Personal Message to myself, Saxismyaxe, or Thesonandall.
I'll need as much of the following info as possible:
1. Name of business
2. Owner/operator
3. Physical address
4. Phone number
5. Website address if applicable
6. Email address
7. Type of business/specialty.
Even more than the USA Directory, this is going to rely heavily on the input and contributions of our membership.
Thanks everyone!


----------



## SAXISMYAXE (Jun 13, 2003)

Our Dutch and Danish members are the first to contribute to the Euro-Directory (your submittals are VERY much appreciated!), not suprising as both are well known centers for world class Jazz. Dank u and Tak, my friends!

UPDATE: Add Great Britain to the list of those helping out with contributions.....Cheers M8!

Remember everyone, this directory is only going to be as comprehensive as all of you can help make it. 

To reiterate:
I am very much at the mercy of your suggestions and recommendations. If you have a shop that you would like to see added, please don't hesitate to send it in. Thanks!


----------



## Brassman (May 22, 2007)

*Technician's list*

I'll be as free as to apply for a recommandation of My shop for your list of daeler/technicians.
Tough I'm no dealer to any Marketed saxophone, I am a repair and restauration "technician' with a small shop of my own since 1992 in Tilburg Netherlands.
I make aftermarket necks for saxophones and copies of all sorts of conical&bent tubing (and occasionally pistons) for Brass.
I also designed a new ergonomical strap for saxophones, the B.A.Sling

Info:
Blazersatelier Tilburg
www.blazersatelier.nl
Allaert Pesman,
Carre 32A 
5017JE Tilburg Netherlands
0032 (0)13 5365998


----------



## SAXISMYAXE (Jun 13, 2003)

Thanks Brassman, I'll add your shop immediately. I took a look at your website, and you have a wonderful shop there!

This project has been on the back burner for quite some time, mainly due to a lack of submissions. As soon as a reasonable number of entries have been made, I will roll it out for the membership.

Cheers.


----------



## FooF (May 12, 2004)

Je recommande l'Ophicléide à Guebwiller (Haut-Rhin, France)
Ophicléide, l'atelier Cuivres & Bois 
1, rue des Fondeurs 
68500 Guebwiller 
Tél 03 89 74 82 30 
Mobile 06 86 28 06 43 (en cas d'urgence )
Mail : [email protected]
Web:http://www.ophicleide.fr

Owner Marc GROSS

Specialised in Woodwinds rehauling, recent or vintage, 2nd hand...

Excellent contact, knowlege of their art. They take urgent work (call the mobile phone ). They take the time to explain, or just speak about music....

My exclusive service dealer.

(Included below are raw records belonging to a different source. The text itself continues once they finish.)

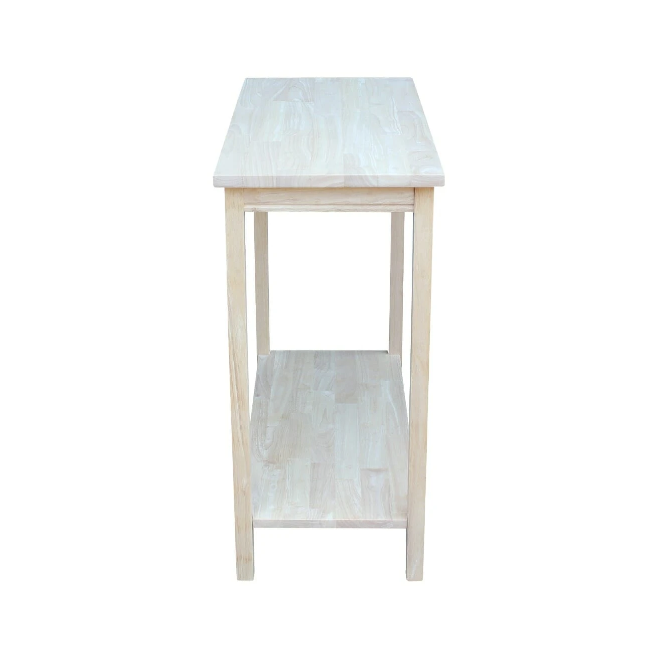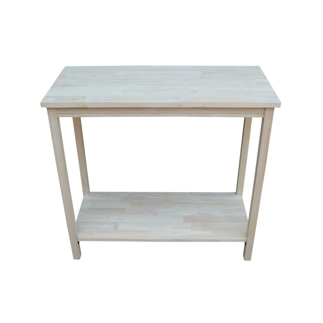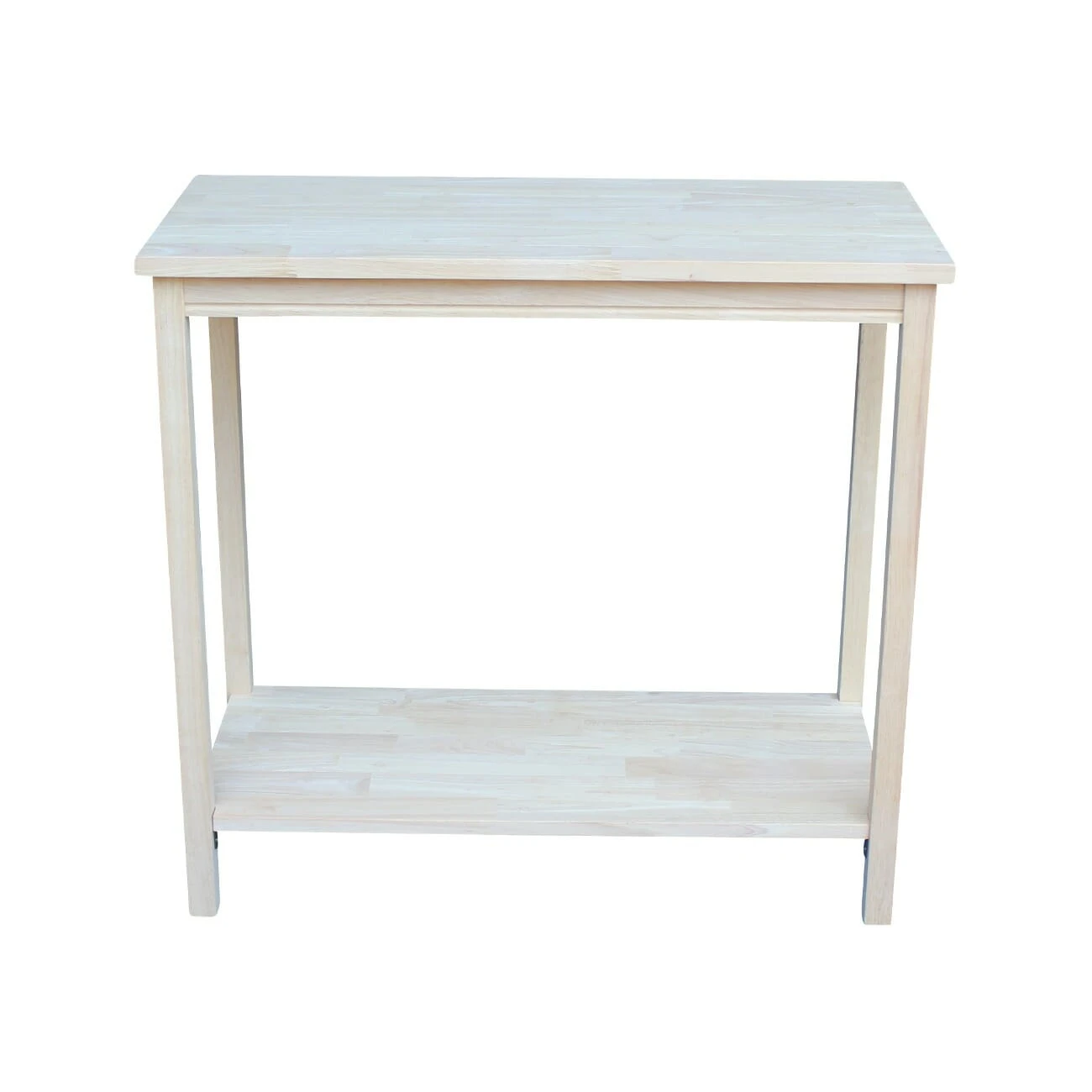 The Portman Console Table features a simple design that gives a modern feel to a traditional Mission style. This sofa table offers a long, solid wood top with a lower shelf for additional storage. It functions as a small TV stand, an entryway table, or as a simple sofa table. The smaller dimensions of this collection are perfect for studio apartment living. Made from solid, eco-friendly Parawood, this table ensures strength and durability. This table ships unfinished, but can also be easily stained or painted to match your existing furniture. This table also pairs well with any of the other pieces in the Portman Occasional Collection and creates a cohesive look. This sofa table ships disassembled with Free Shipping.
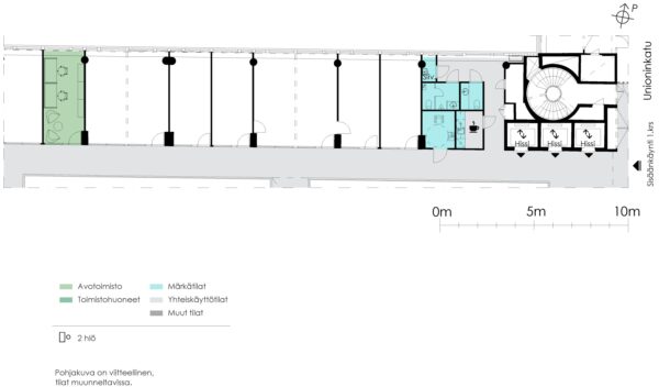 | Toimistotila | 2 | 276 m2 | Vapaa | Toimistotilaa, johon toteutetaan remontilla toivotut tilaratkaisut. |
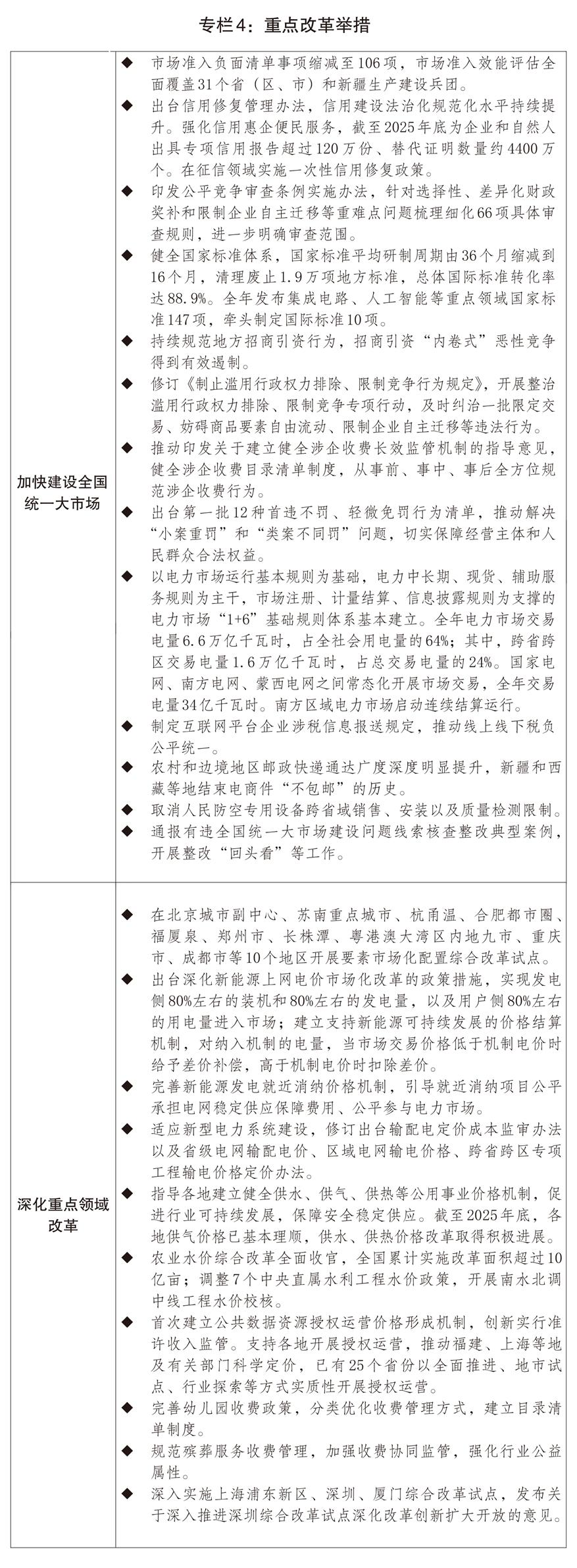 一是全國(guó)統(tǒng)一大市場(chǎng)建設(shè)向縱深推進(jìn)。實(shí)施全國(guó)統(tǒng)一大市場(chǎng)建設(shè)指引,出臺(tái)市場(chǎng)準(zhǔn)入負(fù)面清單(2025年版),清單事項(xiàng)縮減至106項(xiàng)。深入開展市場(chǎng)準(zhǔn)入壁壘清理整治行動(dòng),累計(jì)修訂或廢止相關(guān)文件2300余件。加快建設(shè)統(tǒng)一開放的交通運(yùn)輸市場(chǎng),實(shí)施交通物流降本提質(zhì)增效行動(dòng)計(jì)劃,市場(chǎng)設(shè)施聯(lián)通更加高效順暢。推動(dòng)修訂反不正當(dāng)競(jìng)爭(zhēng)法,出臺(tái)公平競(jìng)爭(zhēng)審查條例實(shí)施辦法,開展整治濫用行政權(quán)力排除、限制競(jìng)爭(zhēng)專項(xiàng)行動(dòng)。持續(xù)規(guī)范地方招商引資行為,招商引資亂象得到有效遏制,地方制定實(shí)施政策的合規(guī)意識(shí)明顯增強(qiáng)。出臺(tái)健全社會(huì)信用體系的意見,構(gòu)建信用修復(fù)制度,建立企業(yè)信用狀況綜合評(píng)價(jià)體系,全面推行以專項(xiàng)信用報(bào)告替代有無(wú)違法違規(guī)記錄證明。全國(guó)統(tǒng)一電力市場(chǎng)體系初步建立,跨電網(wǎng)經(jīng)營(yíng)區(qū)常態(tài)化電力交易機(jī)制基本建立,電力現(xiàn)貨市場(chǎng)基本覆蓋全國(guó)。
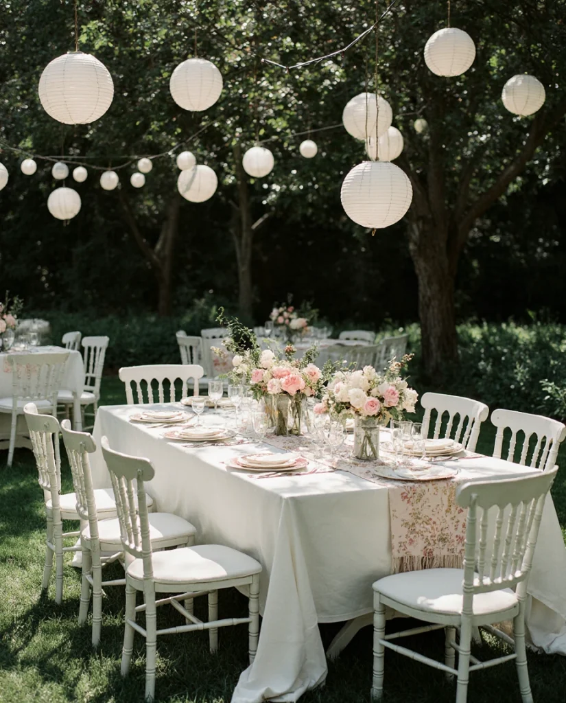 Common mistakes and how to avoid them: many people over-decorate when the garden itself is already the star. Instead of adding balloons and synthetic decorations that clash with the natural setting, work with what’s there—use garden roses and hydrangeas for arrangements, hang simple string lights or paper lanterns from branches, and choose linens and tableware in colors that complement your existing plantings. The most successful garden parties feel effortless because they embrace rather than compete with the outdoor setting. Have a backup rain plan, but don’t let fear of weather prevent you from using this beautiful space for celebrations.
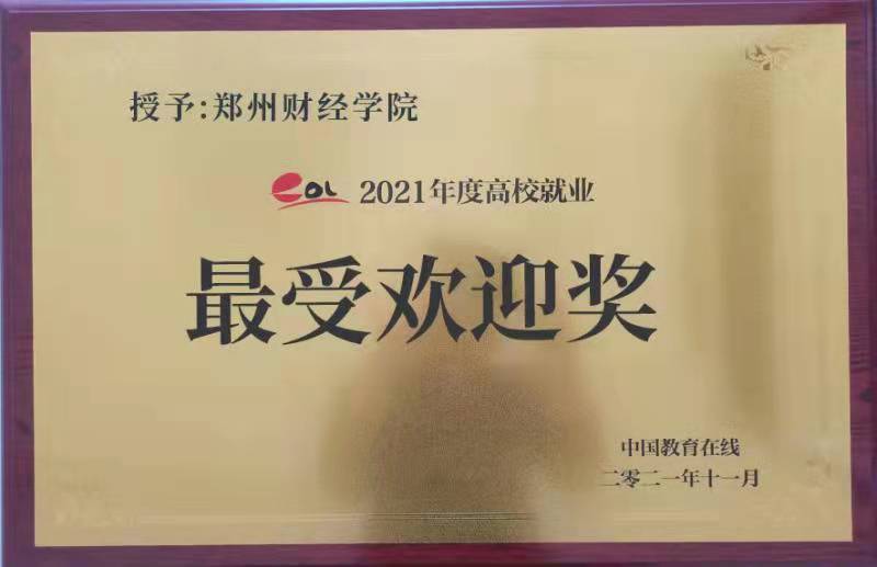 近日,郑州财经学院就业工作获评“2021年度高校就业最受欢迎奖”。
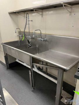 STAINLESS STEEL THREE COMPARTMENT SINK, NSF STAINLESS STEEL THREE COMPARTMENT SINK IS EACH BOWL 18W X 24L (LOCATED IN CHICAGO, ILLINOIS) (RIGGING, HANDLING, LOADING & SITE MGMT FEE: $100)
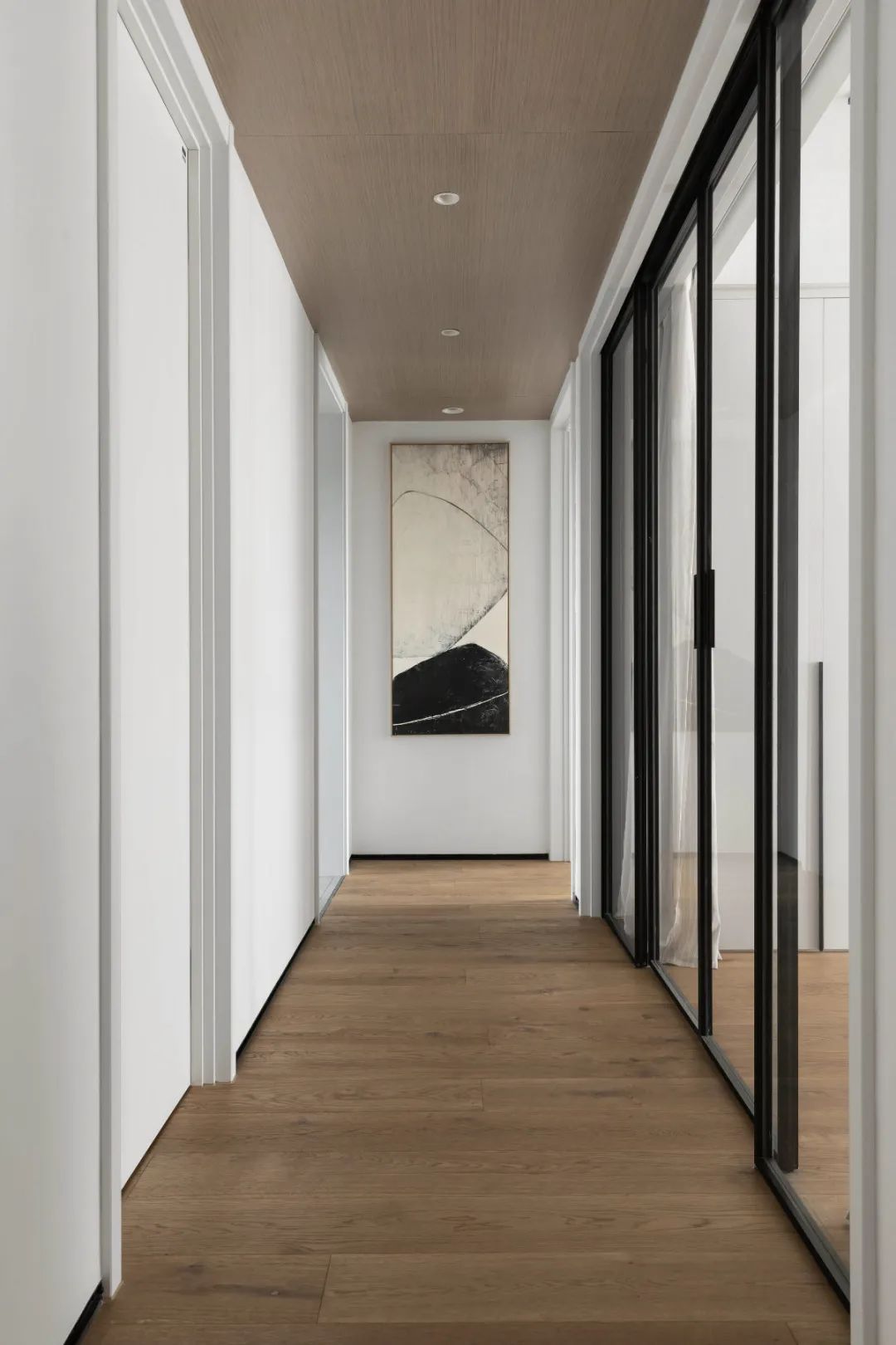 ▲走廊墙面挂一幅极简黑白调的装饰画,侧边以落地玻璃推门设计,让空间显得更加的现代舒适。
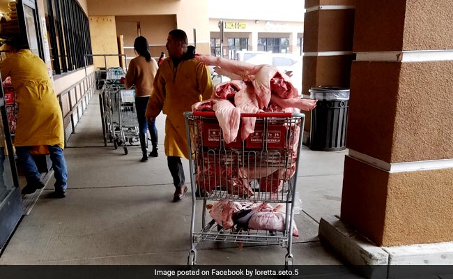- Two men seen pushing carts with unwrapped meat in a Facebook picture
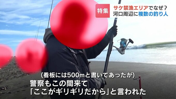 その場には、釣り上げたサケはなかったが、間違いなく釣りの禁止エリア内だった。
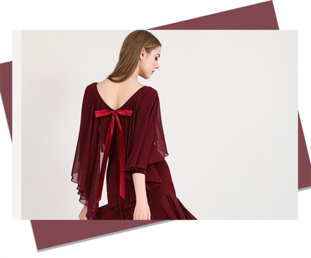 社交ダンスドレス モダンドレス ワインレッド 社交ダンス衣装 社交ダンス ドレス 大きい裾 スタンダードドレス ワルツダンス ステージ衣装 ダンス衣装 ダンスウェア 競技会 パーティー 発表会 競技着 練習着 舞台 演奏会 演出 d1377d7d7m5
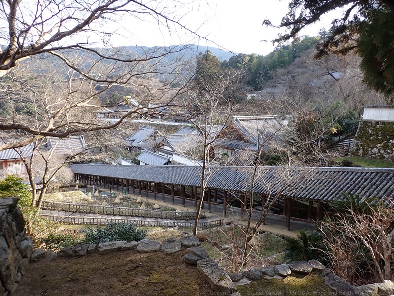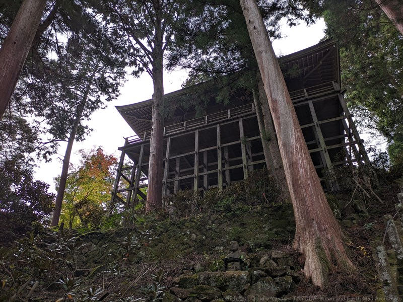 柱脚は玉石で、貫が段違いに入っています。山の頂上に建つ懸造りなので、痛みが激しいのかと思いましたが、400年以上も風雨にさらされていたと考えると、その底力は想像を超えるものがあります。

I highly recommend, even if it not so close.
Vintage is priced for its real effectiveness, not on the label or number of digits 

Magasin tenu par Marc GROSS

Ils sont spécialisés dans toute réparation/maintenance de vents, récents ou vintage, dépot vente...

Contact impeccable, ils savent ce qu'ils vendent, le service est là, Possibilité de travaux urgent (telephone portable).
Ils prennent le temps d'expliquer, de papoter le bout de gras, etc...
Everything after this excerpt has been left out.